Al día siguiente, sábado,
barruntando los largos días de vacaciones, empecé a leer el último libro de la
trilogía de Ken Follett: “El Invierno del Mundo”. Las primeras páginas
relataban los sucesos ocurridos en Alemania en el año 1933, que fue el año de
la quema del Reichstag y de la ocupación del poder por parte de Adolf Hitler.
En aquella ocasión los “camisas pardas”
se dedicaron, con la inacción cómplice de la policía y las instituciones de le
efímera República de Weimar, a quitar del medio a todos sus enemigos políticos,
de cara a las elecciones generales que
se tenían que celebrar en los próximos meses. Se quemaron periódicos críticos
con los nazis, se encarcelaron decenas de miles de comunistas, o se dieron
palizas a cualquier persona hostil con el nuevo orden.
Pero a pesar de todos esos
esfuerzos, el partido nazi no obtuvo mayoría absoluta como ellos pensaban:
obtuvieron un cuarenta por ciento de los miembros de la cámara. Insuficientes para
gobernar a su antojo. Para resolver ese pequeño inconveniente, Hitler decidió
en la primera sesión del parlamento presentar la ley de Habilitación, que como
su propio nombre indica habilitaba al gobierno para, vía decretos, gobernar a
su gusto sin contar con el parlamento. Hacía falta una mayoría cualificada que
Hitler no tenía, pero a base de trampas: no computando a los diputados
comunistas que metió en la cárcel. Amenazas de persecución a los católicos del
partido de Centro, y chantajes al resto consiguió la mayoría de dos tercios exigidos
por la legislación vigente en ese momento. Un Reichstag recién salido de las urnas, tomado
hasta el último de sus rincones por los “camisas pardas”, se hizo el haraquiri.

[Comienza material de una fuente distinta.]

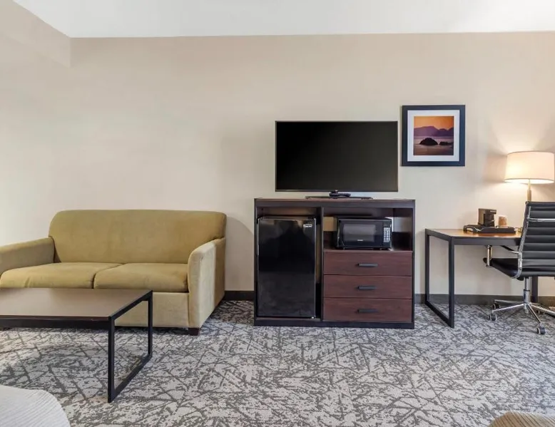 Conveniently accessible from Route 1, the Quality Inn & Suites NJ State Capital Area is surrounded by popular attractions, including Sesame Place theme park, Six Flags Great Adventure, the beautiful villages and antique shops of Peddler's Village and New Hope, and historic Washington Crossing State Park. Downtown Philadelphia, Pennsylvania is just 30 miles away. Guests will enjoy many amenities, such as free wireless high-speed Internet access, free local calls and on-site laundry facilities. Enjoy our free hot breakfast, featuring fresh waffles, every morning! Guests will appreciate the free business center, which includes Internet access and a printer. Copy and fax services are available. Free parking is provided and can accommodate most vehicles. Enjoy a peaceful stay in one of our spacious guest rooms at this 100 percent nonsmoking hotel. All guest rooms are equipped with a 37-inch high-definition television with Showtime, microwave, refrigerator, safe, iron, ironing board, coffee maker and hair dryer. This room has a sofa bed, 37-inch flat-screen TV, microwave, and refrigerator.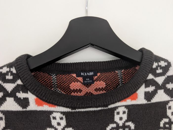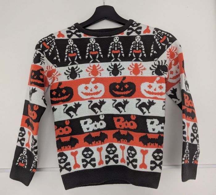 Ce pull Kiabi, idéal pour Halloween ou pour un look décalé, est plein de motifs festifs : des squelettes, des citrouilles, des chats noirs et des chauves-souris. Les couleurs sont vives (noir, blanc, orange) et le pull est bien chaud. Il est en excellent état, peu porté. Parfait pour un enfant qui aime l'originalité !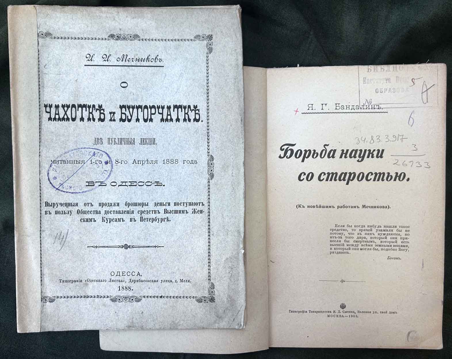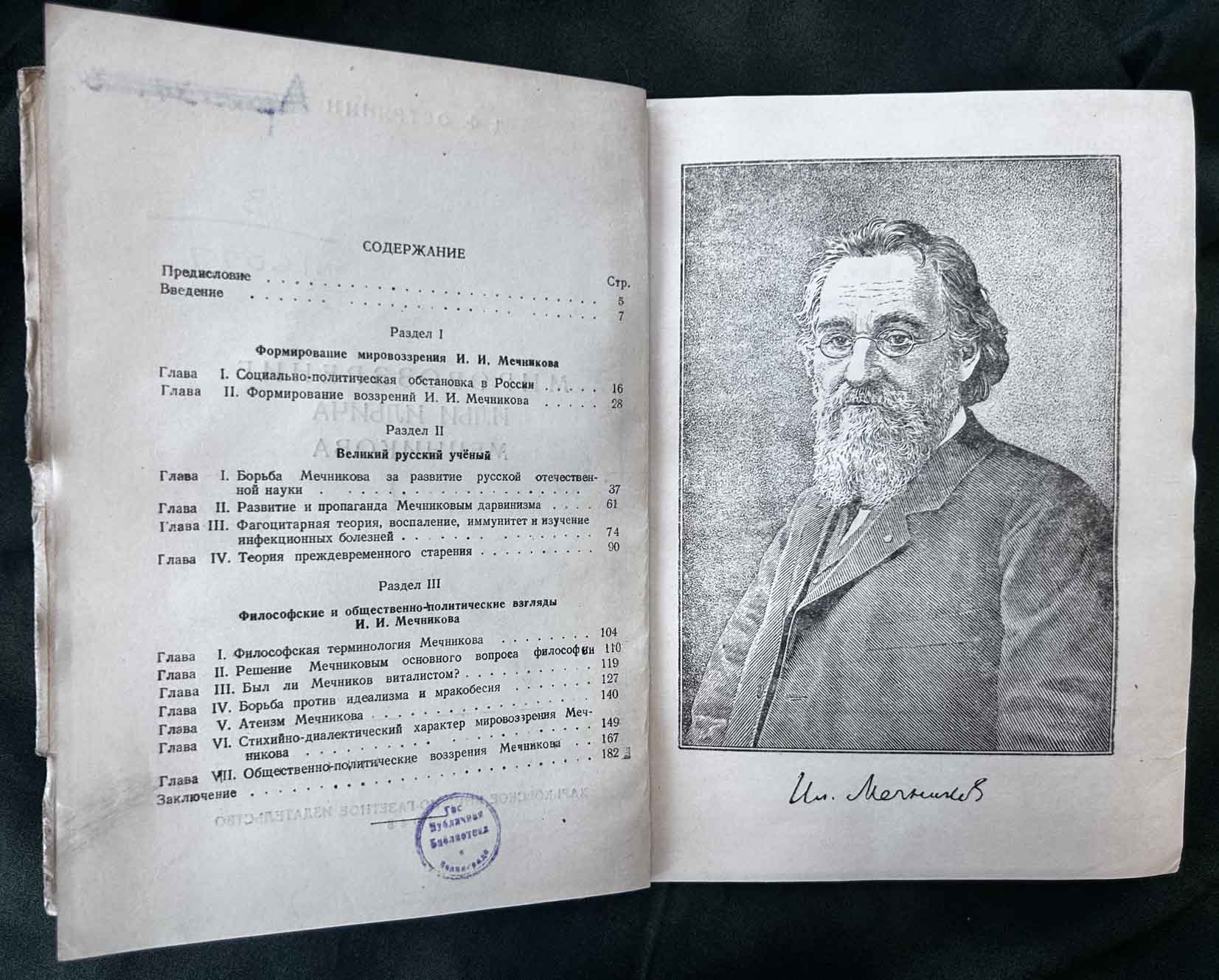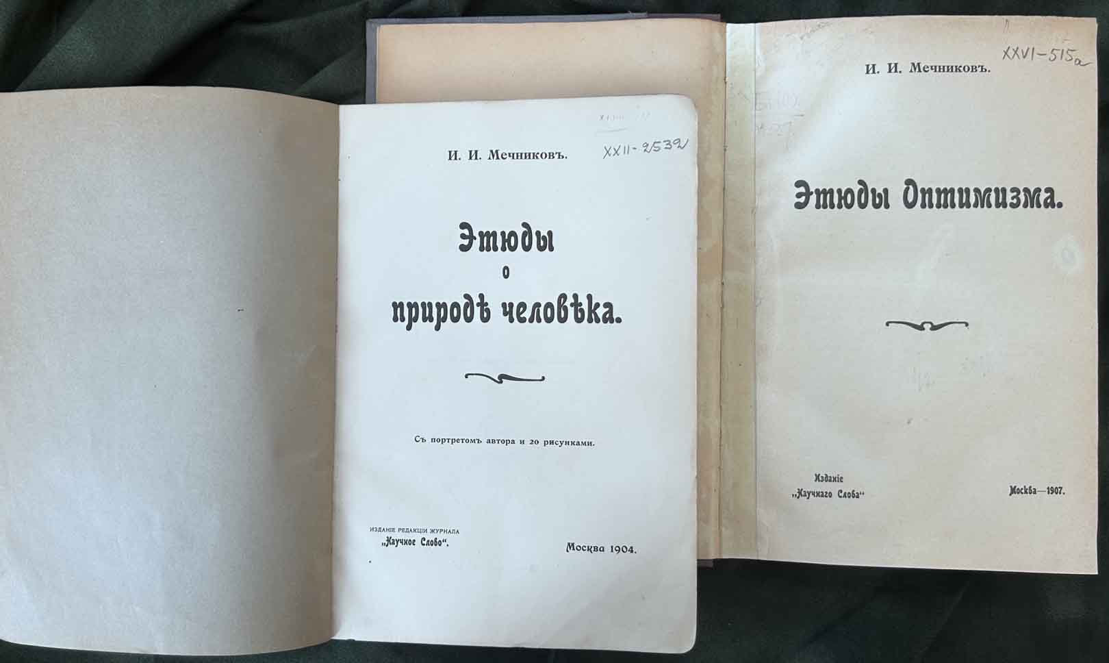 Также в экспозиции представлены философские работы Ильи Мечникова - «Этюды о природе человека. Опыт оптимистической философии» (1904 г.); «Этюды оптимизма» (1907 г.) и «Сорок лет искания рационального мировоззрения» (1913 г.).
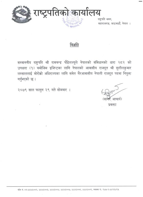 राष्ट्रपतिले गरे इजिप्टका लागि आवासीय राजदूत नियुक्त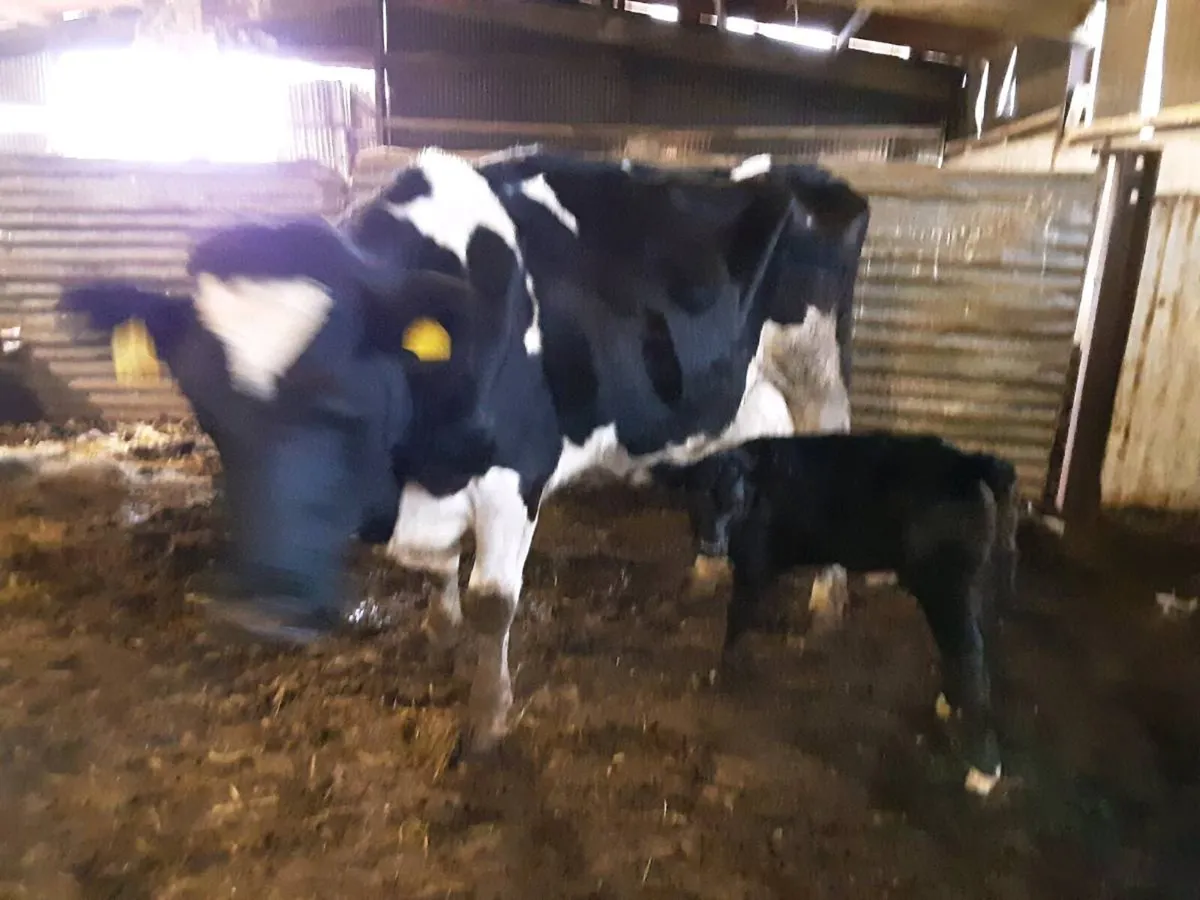 Freshly calved fresian cow with BB Heifer calf at foot. Suitable for rearing Calves
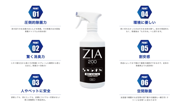 ZIAは「除菌力」「消臭力」「安全性」「利便性」など、今までの除菌消臭剤の常識を覆す圧倒的パワー!!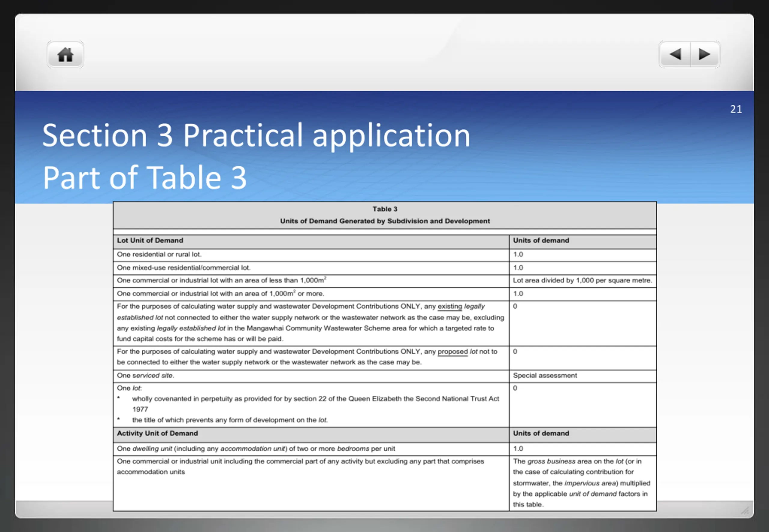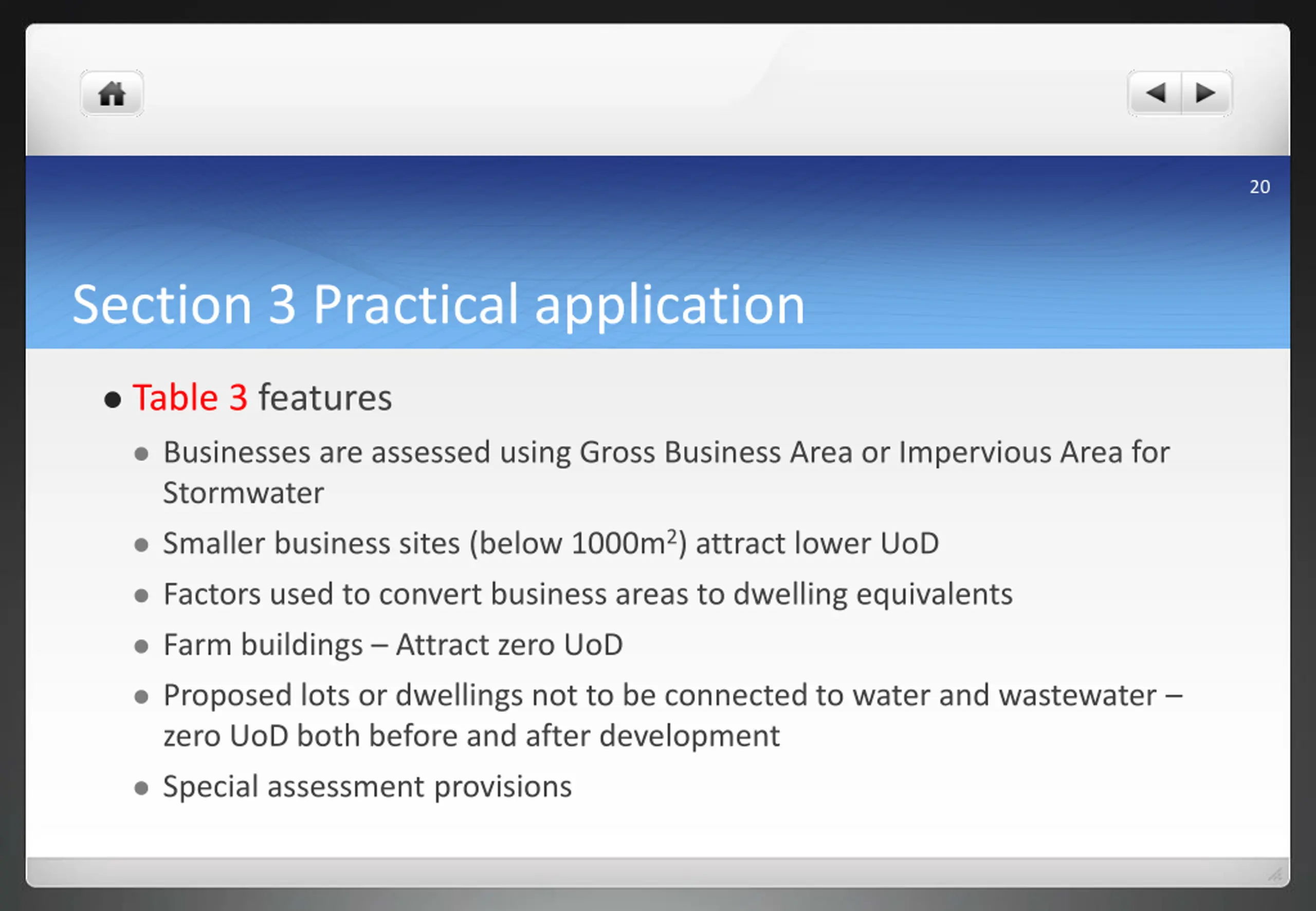 HomeButton.png 20 Section 3 Practical application Table 3 features Businesses are assessed using Gross Business Area or Impervious Area for Stormwater Smaller business sites (below 1000m2) attract lower UoD Factors used to convert business areas to dwelling equivalents Farm buildings Attract zero UoD Proposed lots or dwellings not to be connected to water and wastewater zero UoD both before and after development Special assessment provisions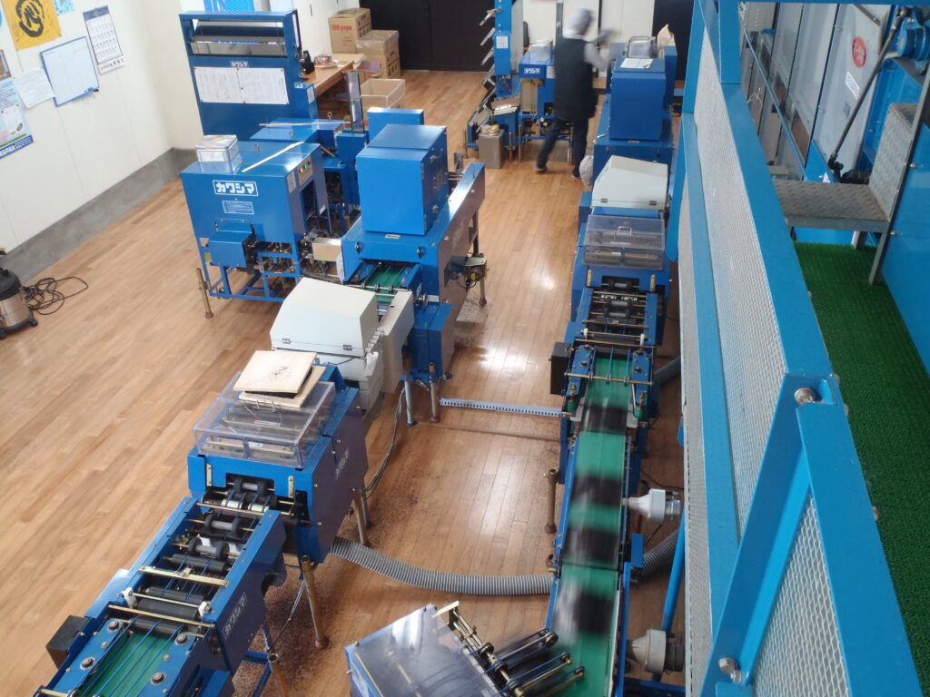 こうして収穫したノリは、加工場で海水に浸して保存。その後、細かく刻んで異物やゴミを取り除き、シート状に成形します。そして脱水、乾燥して板ノリの完成です。仕上げにもう一度異物検査を実施したのち製品化されます。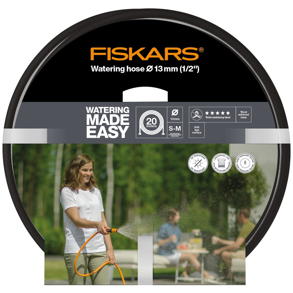 Fiskars kasteluletku Q5 - kevyt - UV-suojattu - korkeapainetestattu - kiertymätön - nylonpunoskerros takaa korkean laadun - pehmeä pinta - Ø 13 mm (1/2") - pituus 20 m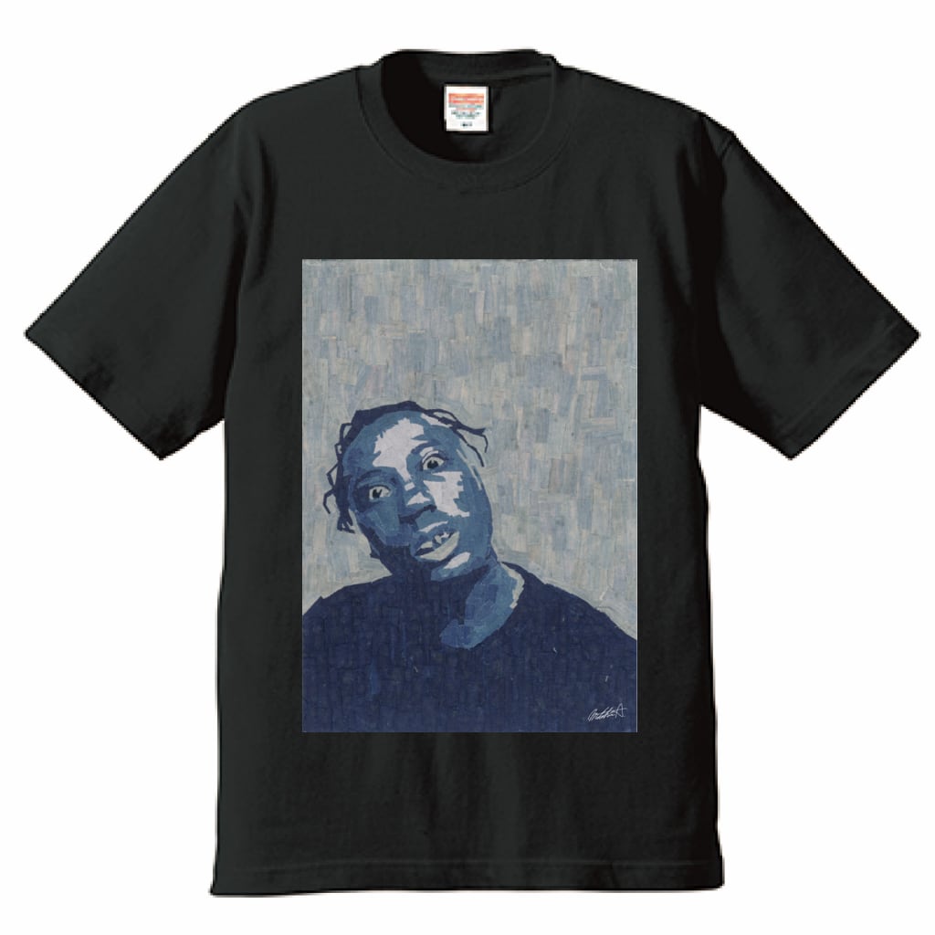 このTシャツは、藍染生地の端切れを用いて制作されたオリジナルアートをプリントした一枚です。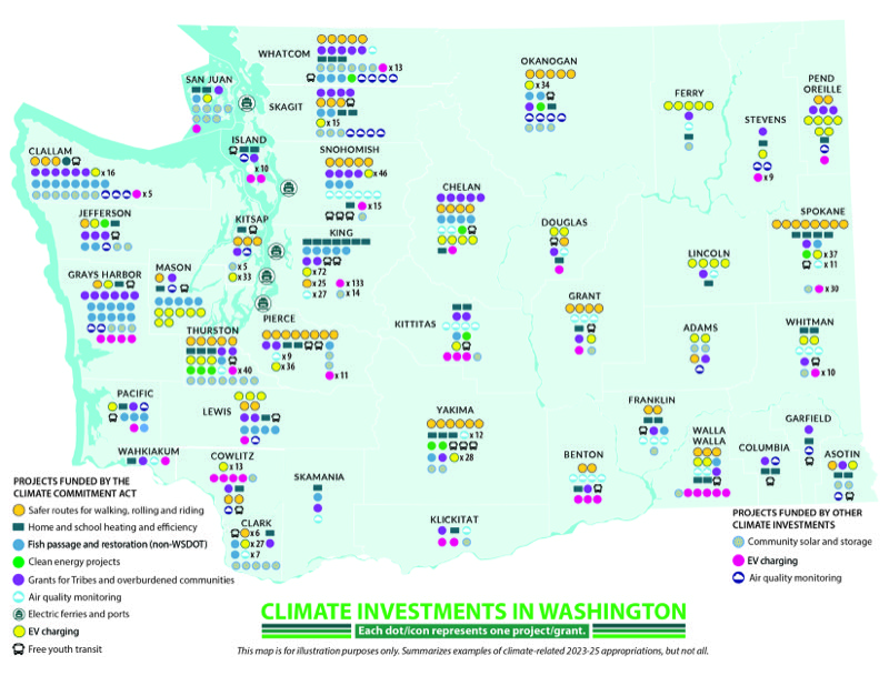 Revenues raised from Washington’s cap-and-invest Climate Commitment Act (CCA) are invested in projects and programs that benefit communities across the state. These are investments that will pay dividends to you in the form of lower costs for cleaner energy, and more jobs in a greener economy.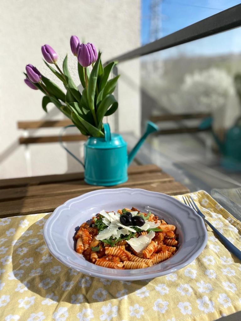 Deși sunt niște paste foarte simple, gustul este unul intens și bogat. O combinație plăcută între sosul de roșii, ceapa dulce, busuiocul tocat și rucola amăruie….o să-ți bucure papilele gustative!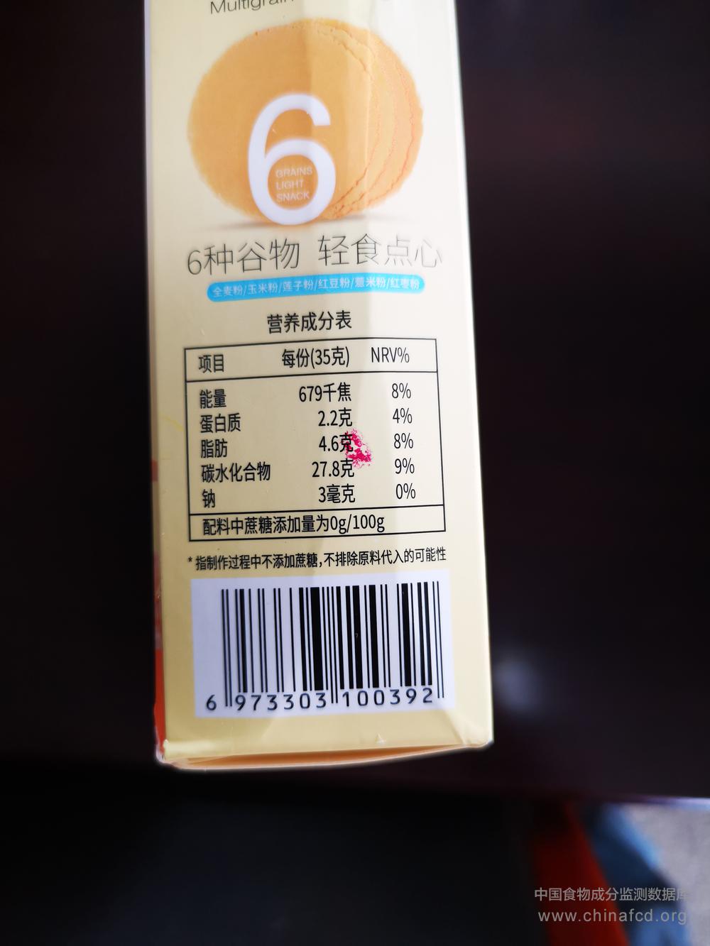 生产厂家:邓州市正禾食品厂 品牌:小友鸣棠 食物类别:休闲食品-饼干、面包-饼干-其他 配料:全麦粉、玉米粉、莲子粉、红豆粉、薏米粉、红枣粉、植物油、木糖醇。 净含量:140g 条形码/识别码:6973303100392 储存方法:阴凉干燥 产地:河南省南阳市

Según avanzaba en la lectura de
esas páginas empecé a ver el paralelismo entre ambos sucesos. Los sucesos del
Congreso, cuando estos energúmenos no pudieron controlar su frustración por la
admisión a trámite de la Ley que ellos mismo proponían. Lo que indica a las claras que a estos poco le importan los
desahucios. El acoso a los diputados y a
sus familias por parte de grupos organizados. La falta de respeto al cumplimiento
de la Ley. La pasividad de las fuerzas del orden y de las instituciones a esta coacción
al poder legislativo. Y sobre todo la chulería con que estos señores se
manifiestan, fruto indudable de la impunidad con la que se sienten.
Oyendo relatar a Esteban González
Pons lo ocurrido en su casa, se vinieron a mi mente los fantasmas de otro hecho
ocurrido por aquellos años en España, la visita de otros energúmenos a la casa
del jefe de la oposición. José Calvo Sotelo, se llamaba.
Siempre he defendido la teoría de
que la izquierda ocupa el poder por las buenas o por las malas. Cuando
gobiernan los suyos se reparten el Estado hasta la ruina. Cuando mandan los
demás se procura que les dure lo menos posible. Con este objetivo todo vale: preferentes,
desahucios, onceemes, y veintitresefes.
¿Por cierto, como es posible que
estos personajes aparentemente sin recursos, localicen con cámara de televisión
incluida, a un consejero de Castilla la Mancha de paso por la estación de
Atocha para montarle el número? Lo dicho, pura mafia.